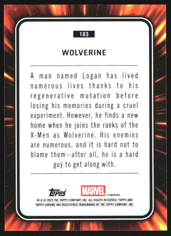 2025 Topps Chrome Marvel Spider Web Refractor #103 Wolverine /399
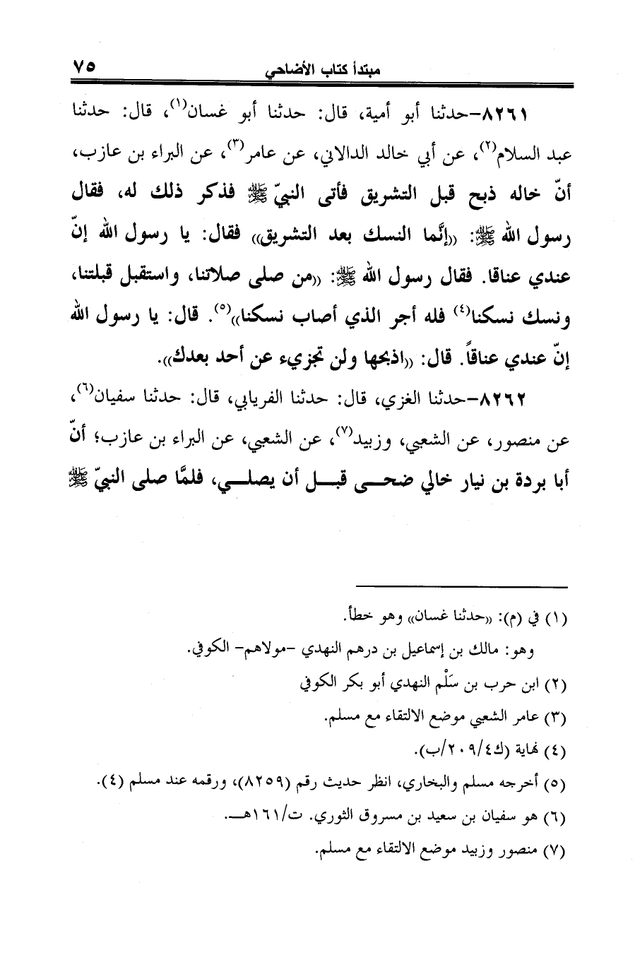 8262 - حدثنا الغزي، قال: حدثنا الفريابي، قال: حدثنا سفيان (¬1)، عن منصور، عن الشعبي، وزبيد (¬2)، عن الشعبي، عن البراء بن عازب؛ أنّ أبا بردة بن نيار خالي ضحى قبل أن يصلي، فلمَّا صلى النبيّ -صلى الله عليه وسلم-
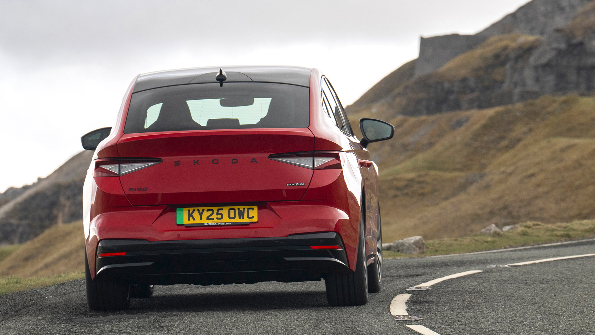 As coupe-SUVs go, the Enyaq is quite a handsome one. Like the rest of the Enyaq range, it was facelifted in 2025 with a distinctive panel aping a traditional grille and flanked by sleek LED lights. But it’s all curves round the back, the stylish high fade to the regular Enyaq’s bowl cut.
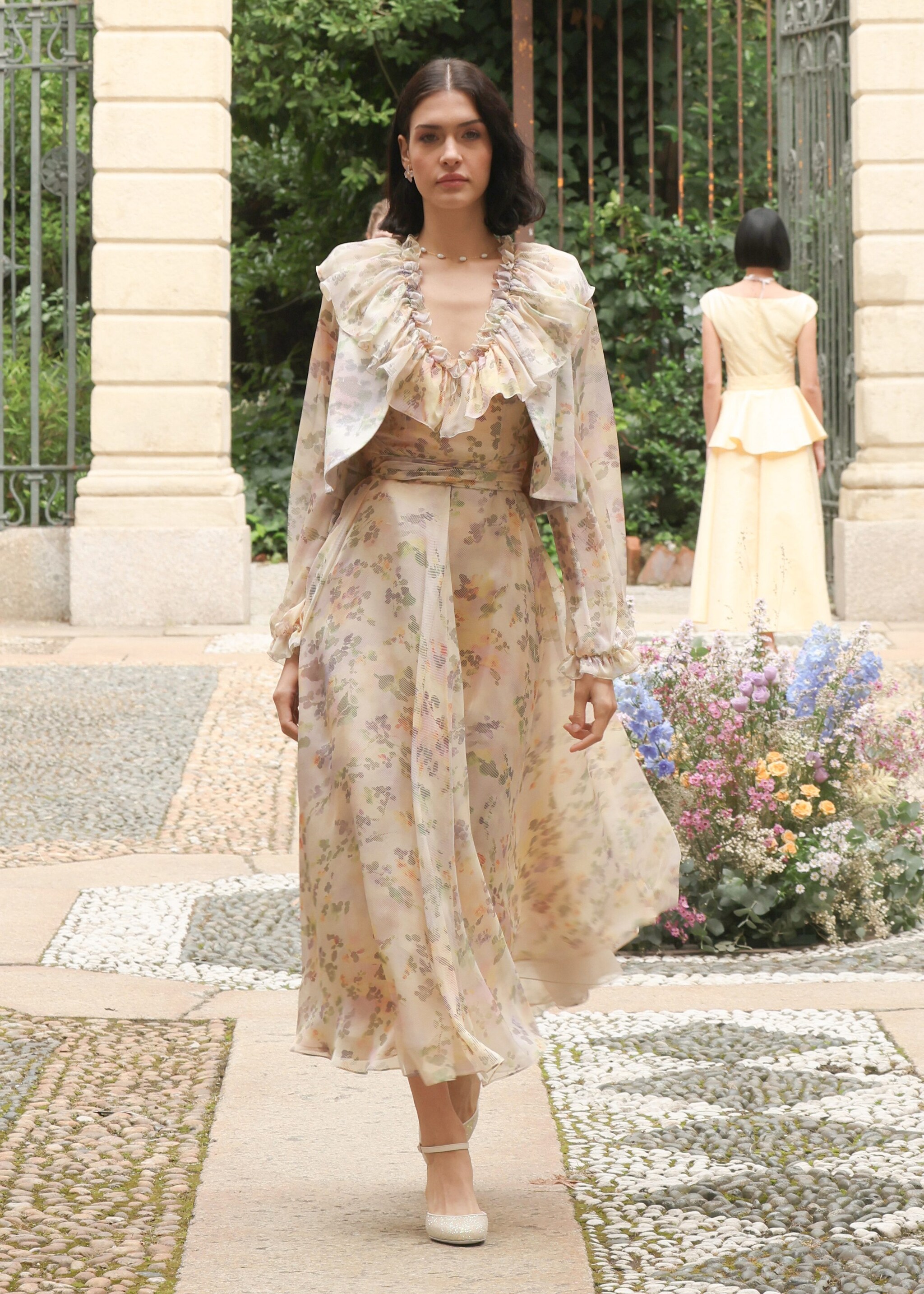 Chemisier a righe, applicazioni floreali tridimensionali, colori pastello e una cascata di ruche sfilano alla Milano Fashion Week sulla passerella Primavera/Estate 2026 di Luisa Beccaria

* * *

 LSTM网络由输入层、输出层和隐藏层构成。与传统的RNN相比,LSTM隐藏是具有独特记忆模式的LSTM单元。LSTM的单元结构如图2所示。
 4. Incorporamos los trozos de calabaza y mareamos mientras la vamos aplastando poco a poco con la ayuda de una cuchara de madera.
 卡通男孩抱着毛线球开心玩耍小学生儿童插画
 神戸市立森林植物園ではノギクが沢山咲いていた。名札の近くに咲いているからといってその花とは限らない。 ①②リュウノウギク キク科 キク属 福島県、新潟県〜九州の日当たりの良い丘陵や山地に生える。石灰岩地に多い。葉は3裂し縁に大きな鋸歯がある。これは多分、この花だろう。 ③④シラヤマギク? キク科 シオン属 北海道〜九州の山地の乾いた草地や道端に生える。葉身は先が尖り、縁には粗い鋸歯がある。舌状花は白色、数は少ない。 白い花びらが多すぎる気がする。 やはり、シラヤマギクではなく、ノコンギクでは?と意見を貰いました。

---

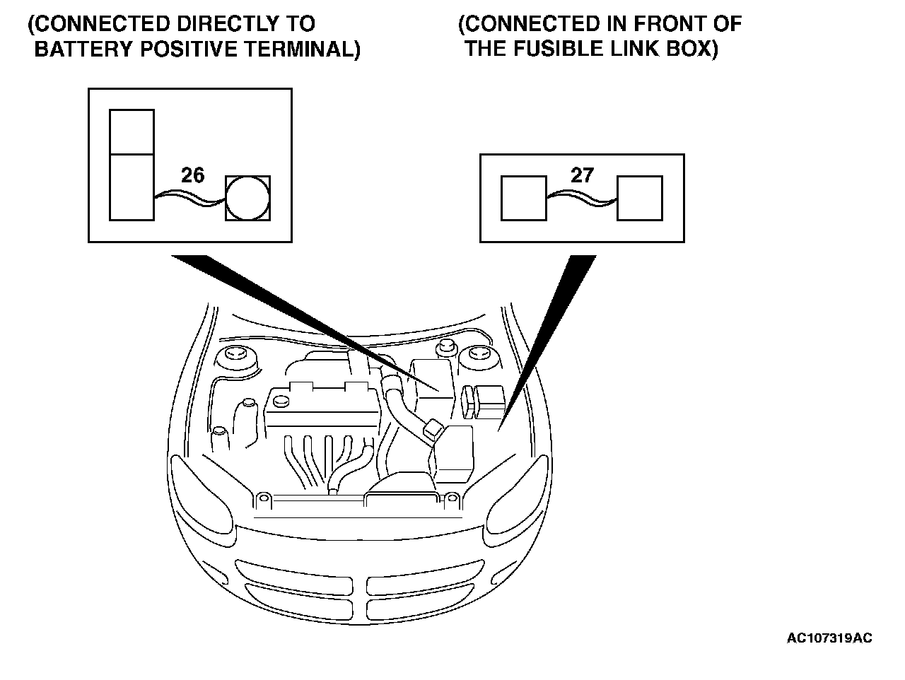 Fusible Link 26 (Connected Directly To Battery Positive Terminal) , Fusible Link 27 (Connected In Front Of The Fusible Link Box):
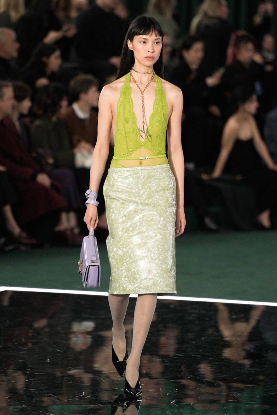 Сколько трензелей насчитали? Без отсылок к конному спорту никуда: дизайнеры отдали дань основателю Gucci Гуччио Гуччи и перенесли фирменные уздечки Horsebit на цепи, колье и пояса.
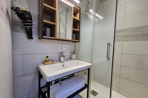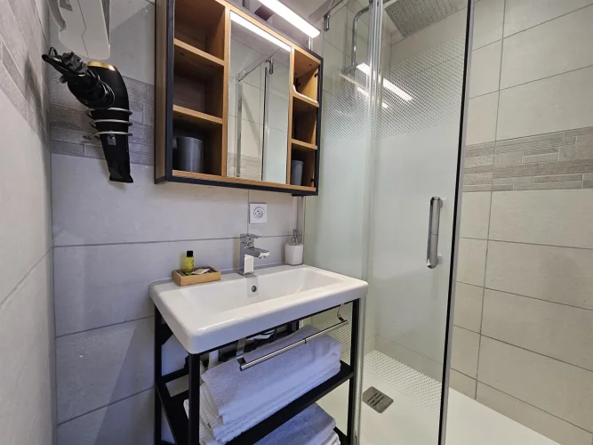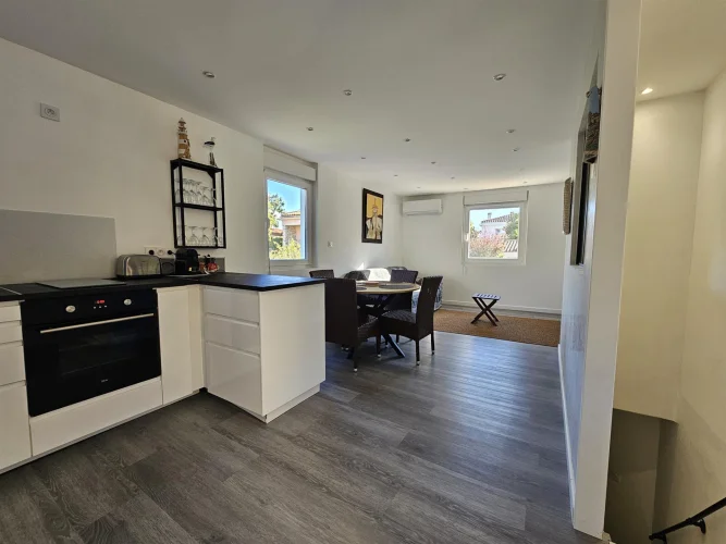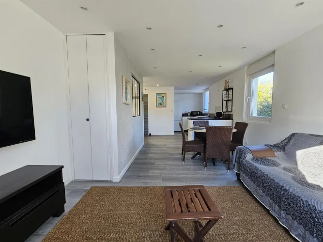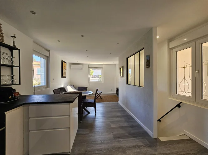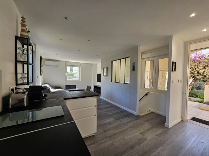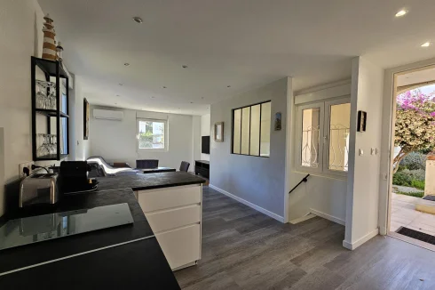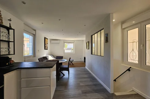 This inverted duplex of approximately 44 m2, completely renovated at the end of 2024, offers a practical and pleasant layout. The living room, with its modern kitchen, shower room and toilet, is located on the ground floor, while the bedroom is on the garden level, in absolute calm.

**REQUIREMENT**
Line for line, output the entries above from the line with "8262 - حدثنا" to the line with "Chemisier a righe, applicazioni", both included, and nothing more. Skip pictures.

**RESPONSE TO THIS TASK**
 8262 - حدثنا الغزي، قال: حدثنا الفريابي، قال: حدثنا سفيان (¬1)، عن منصور، عن الشعبي، وزبيد (¬2)، عن الشعبي، عن البراء بن عازب؛ أنّ أبا بردة بن نيار خالي ضحى قبل أن يصلي، فلمَّا صلى النبيّ -صلى الله عليه وسلم-
 As coupe-SUVs go, the Enyaq is quite a handsome one. Like the rest of the Enyaq range, it was facelifted in 2025 with a distinctive panel aping a traditional grille and flanked by sleek LED lights. But it’s all curves round the back, the stylish high fade to the regular Enyaq’s bowl cut.
 Chemisier a righe, applicazioni floreali tridimensionali, colori pastello e una cascata di ruche sfilano alla Milano Fashion Week sulla passerella Primavera/Estate 2026 di Luisa Beccaria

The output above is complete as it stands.